Sound change

The law is called a certain rule-based sound change process. It is therefore beside analogy and borrowing one of the basic phenomena of language change.

According to laws apply only to a language or dialect and act only over a limited period of time. They concern, unless it is a combinatorial sound change, with a particular phoneme is generally only a few, often explainable by certain circumstances exceptions.

Examples of sound laws

Such By law ( Ostmitteldeutsche unrounding, from the 12th century ) has, for example, the Middle High German phonemes / ø / and / y / can be in many German dialects with / e / and / i / coincide.

A According to the law, namely, the Second (High German ) Sound Shift is also the reason that in words of Germanic origin, where in English a < th> stands, the Germans usually a is, for example:

  • This - this
  • Think - think
  • Thick - thick
  • Thin - thin
  • Thirst - thirst
  • Thorn - thorn
  • Three - three

History of sound laws

For historical linguistics the postulate of " Ausnahmslosigkeit the sound laws " is central. It challenges the scientists also look there to sound laws, where these are not overtly obvious. The " Ausnahmslosigkeit " prohibits the researcher rashly give up and "explain" a development as an exception. Apparent exceptions turn out on closer study often referred to as sound laws into something more complex formulation.
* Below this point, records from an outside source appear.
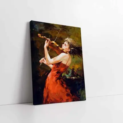 Kırmızı Giymiş Keman Çalan Kadın | Kanvas Tablo | Cam Tablo | Mdf Tablo | B11002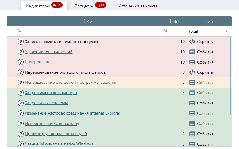 Вкладка «Источники вердикта» показывают все источники (статические и динамические), которые сработали и вынесли вредоносный, подозрительный или безопасный вердикт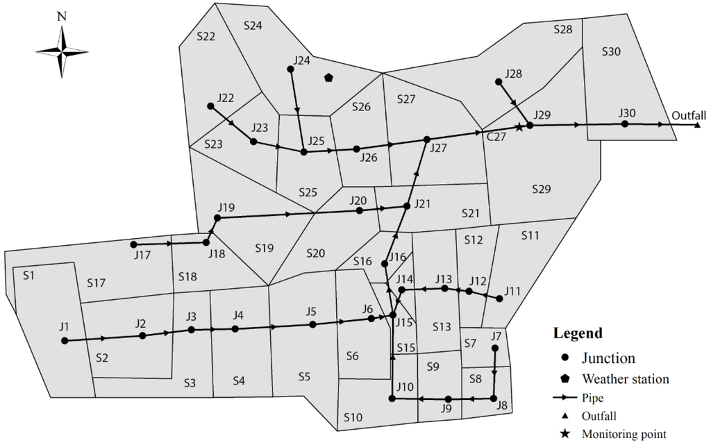 The study area is located in Beijing, China, which has a sub-humid continental monsoon climate with a mean annual temperature of 12 °C and a mean annual precipitation of 626 mm (80% of which falls from June to September). The study area is a university campus that includes buildings, lawns, and roads, and is relatively flat with a ground elevation difference of 0.5 m. The drainage area of the catchment is 3.8 ha, and approximately 76.5% of the catchment area is impermeable (1.62 ha of roads and 1.29 ha of buildings). The study area was divided into 30 sub-catchments (denoted S1 to S30 in Figure 1) for the stormwater management model (SWMM) model simulation. The areas of the 30 sub-catchments range from 0.03 ha to 0.31 ha. The percentages of roads, buildings, and green areas (lawns) in the 30 sub-catchments range from 8% to 83%, 0% to 76%, and 0% to 63%, respectively. The study area has gentle slopes ranging from 0.2% to 0.66%. There are 30 underground stormwater pipes with junctions (J1 to J30) connecting the 30 sub-catchments to a single outlet (Outfall in Figure 1) in the catchment.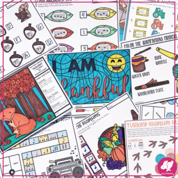 This 47-page Thanksgiving and Turkey music activities set will be a fun addition to your music lessons. They feature no-prep printables like spinner games, a listening glyph, rhythm math, color-by-note, and more! They are useful for sub plans and centers because they are self-explanatory and review basic concepts.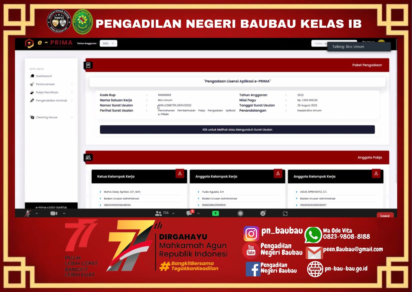 Kasub. Perencanaan, TI, dan Pelaporan Ibu Hanila S.E. dan Operator Bapak Achmad Musthofa, S.Kom mengikuti Sosialisasi Aplikasi E-Prima (Electronic Procurement Implementation Management and Accountability). Aplikasi E-Prima ini adalah inovasi terbaru dari Mahkamah Agung Republik Indonesia yang membantu Unit Kerja Pengadaan Barang dan Jasa (UKPBJ) dalam mengelola atau memanajemen pelaksanaan pengadaan barang dan jasa yang terstruktur, jelas, logis serta berbasis kinerja. Kemampuan aplikasi ini meliputi manajemen layanan pengadaan, manajemen pembinaan Sumber Daya Manusia dan Kelembagaan, manajemen layanan secara elektronik, dan manajemen layanan pendampingan, konsultasi dan bimbingan teknis.

It was the linguist of the Leipzig School, also called neo-grammarians, who raised the Ausnahmslosigkeit to their creed. In the so-called young Grammatical Manifesto Karl Brugmann write and Hermann Osthoff:

"All sound change, as far as he mechanically going on, takes place after exceptionless laws, ie, the direction of motion is said aloud cooperative at all belonging to one, except for the case that dialect fission occurs, always the same "

With non- mechanical sound change here are mainly meant analogy and borrowing. The junggrammatische commitment is more complicated than it seems, because the " language- cooperative " or the boundaries of dialects are precisely defined by the phonetic laws.

The most fertile, it is certainly to understand the requirement of Ausnahmslosigkeit as a methodological postulate. In fact, the neo-grammarians ( and probably also the researchers before them! ) Have worked practically on the basis of this understanding of methodological postulate.

On the basis of the Ausnahmslosigkeit Neogrammarians denounced many until their time recognized word relationships as " impossible ". This word must often be like in those years in Leipzig and was the older linguists (Georg Curtius, Leipzig, August Pott, Halle) from their former students relied again and again. This dispute between the younger ( which were then derided as Neogrammarians ) and the elderly has become known as The law dispute in the history of science. In writing the classical philologist Georg Curtius has it waged; the first answers were by Karl Brugmann and Delbrück Berthold.

In addition to the basic methods dispute was in these writings to specific disagreements. So the neogrammarians was clear that the Sanskrit ( Ancient Indian ) was not so originally and conservative, as it had been believed until then. The previous generation of researchers had believed that was a- sound of Sanskrit in many European languages ​​such as Latin or ancient Greek become e or o. However, the ancients could not explain why the a × a sound remained and even became e or o. Already Franz Bopp, the founder of the Indo-European, had in vain for conditions for which different development from the supposed origin of vowel a sought ( " without any secure laws for any occasions choosing from these three vowels could specify "). From the postulate of Ausnahmslosigkeit followed for Neogrammarians that not the Sanskrit had received the old vowels best, but the European languages ​​, and that a, e and o were collapsed in Sanskrit to an a - sound.